Why is Tushar Joag in a cocoon?
Contemporary artist Joag has long believed that good art has to socially engage, otherwise it ceases to be relevant. Last year, he embarked upon a circuitous motorcycle journey from Mumbai to Shanghai to comment on bilateral relations between India and China, and even set up a dummy corporation, Unicell that “suggests absurd solutions to the urban situations around him”. For “Right To Dissent”, Joag convened 11 other artists, who cobbled together this show to bring back the spotlight on human rights activist Binayak Sen. To do this, Joag will live, eat and sleep in an enclosure that has been walled up on one side by a dense wall of string. Other than a small slit, through which he will be passed water and food, Joag has nothing but a single pair of clothes (he does, however, have access to a toilet). He will pass his time by trying to fill as many notebooks as possible with the sentence: “I will not lose faith in the Indian Democracy and Judiciary.”

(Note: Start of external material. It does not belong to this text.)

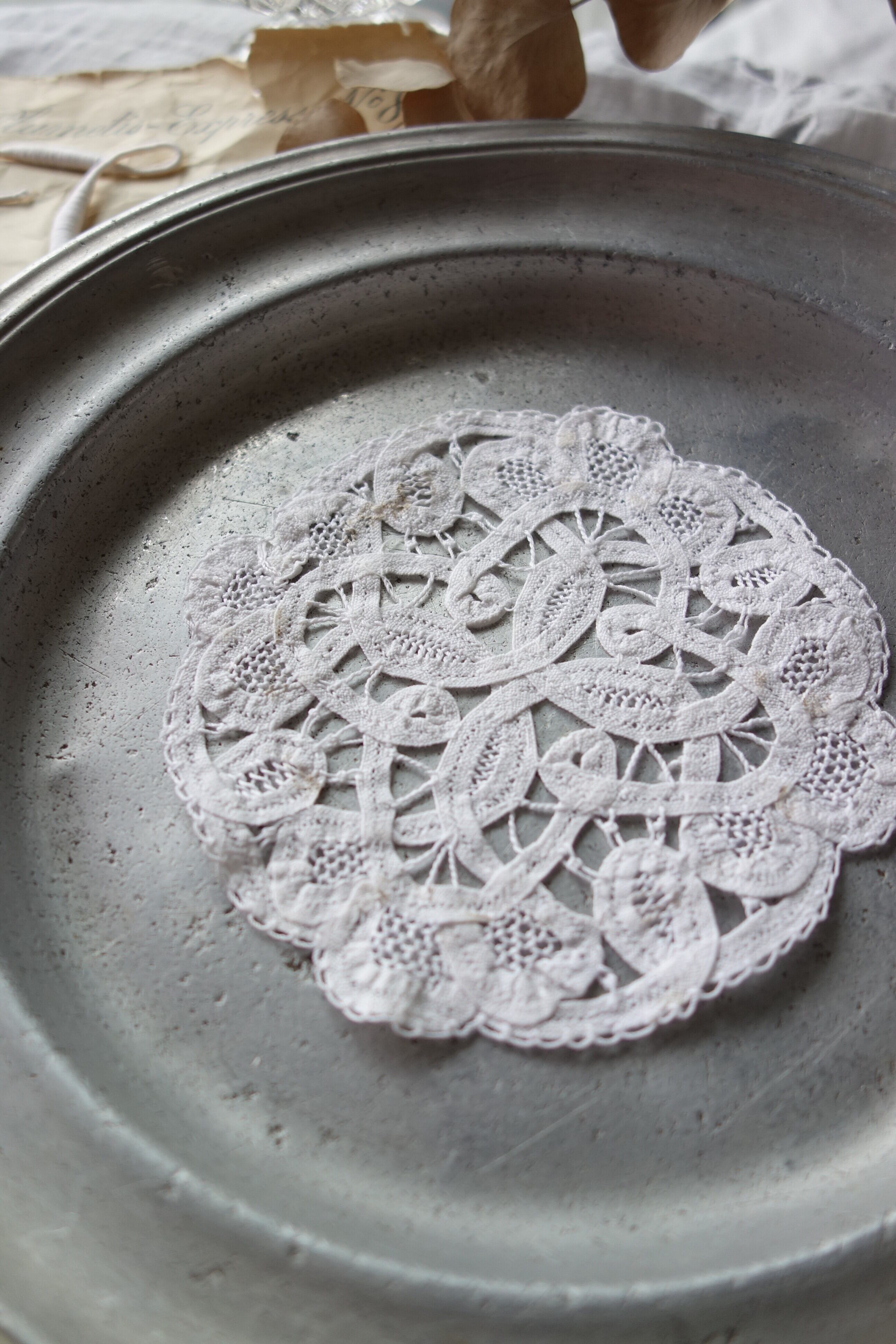 France製 10.5㎝ アンティークバテンレースドイリー B396 ホワイト

What’s all this got to do with Binayak Sen?
Binayak Sen was jailed by a Chattisgarh court and sentenced to life imprisonment for sedition. On April 15, he was released on bail by the Supreme Court, who found the Draconian sedition law and the Unlawful Activities Prevention Act “outdated”. Shortly after, Union Minister for Law and Justice Veerappa Moily promised to revisit the law, and as a reminder, Joag will send him all the notebooks he fills up. “It’s in your hands,” says Joag. “The people of India have the option to repeal the law and they need to exercise it.”
Can you talk to Joag?
Joag suggests you don’t so that he doesn’t get distracted from the task at hand, which is to fill as many notebooks as he can (he averages about 20 pages per hour and his hand cramps frequently). What you can do is help him, by writing the same phrase in the notebooks left outside his cage.
Who else is in the show?
In addition to Joag’s self-installation, Riyas Komu, Shilpa Gupta, Bose Krishnamachari, Reena Kallat, Atul Dodiya, Anju Dodiya, Sharmila Samant, Justin Ponmany, Prajakta Potnis, the Desire Machine Collective and women’s rights organisation Majlis have contributed works. Among the highlights are Gupta’s rusted cages within a cage, Potnis’ room of moss and Kallat’s video work “Preface”, which projects the preamble from the constitution of India in braille, on a giant prayer book.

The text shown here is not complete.